Willy Russell successful playwright ‘Blood Brothers’ conjures up many debateable topics including the intriguing separation of twin brothers ‘Mickey’ and ‘Eddie. During my essay I shall indulge into the social differences and similarities occurring between the twin brothers, whilst giving personal responses of my own and explaining the effects materializing on the audience and if it is what Russell hoped for. I shall give thought provoking evidence to back up my opinions and create emotional differing acknowledgements to enhance my essay. The theme constantly running through the play is that of a social difference and a difference in class. The title ‘Blood Brothers’ has several denotations with ‘Blood’ meaning possible violence or a blood relation whereas ‘Brothers’ could mean a close/good relationship.

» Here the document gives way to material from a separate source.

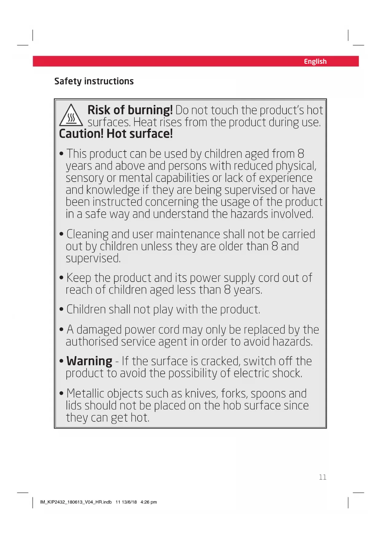 - Metallic objects such as knives, forks, spoons and lids should not be placed on the hob surface since they can get hot. IM_KIP2432_180613_V04_HR.indb 11 13/6/18 4:26 pmEnglish
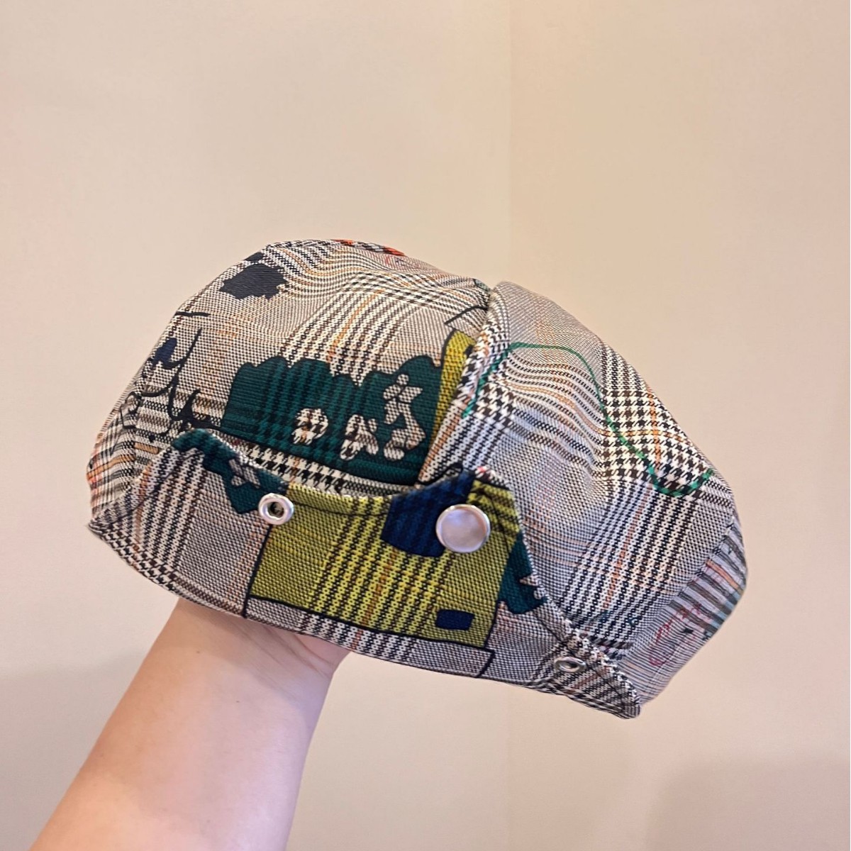 2025 新レトロチェック柄落書きベレー帽女性の日本英国ニッチ画家帽子文学八角形帽子トレンディ

The opening line "Have you ever heard the story of the Johnston brothers?" makes the audience inquisitive from the start, and sets the scene for the story.

From the first mention of the brothers in Act 1 Scene 5, the audience can notice Edward is instantly shown to be more socially superior to Mickey having been chosen by Mrs Lyons to be the baby to have the life of luxury and live with her. She pressurised Mrs Johnston to say ‘At the birth of my twins I shall give one of the children to Jennifer J. Lyons’. Russell is trying to cause an early rift amongst the brothers and profound that society treats people in many different ways and can pave the way for people’s lifespan. The audience feel generally excited towards this turning point in the play and would love to know how the rest of the play and the brothers life’s pan out. I feel a certain sorrow for Mrs Johnston having been threatened by Mrs Lyons, to secure the rights of Edward. In Act 1 Scene 8, Mrs Lyons says ‘They say that if either twin learns he was one of a pair they shall both die immediately’. Despite a great sadness for Mrs Johnston, I also feel a magnitude of happiness and hope for the great life Edward shall have before him.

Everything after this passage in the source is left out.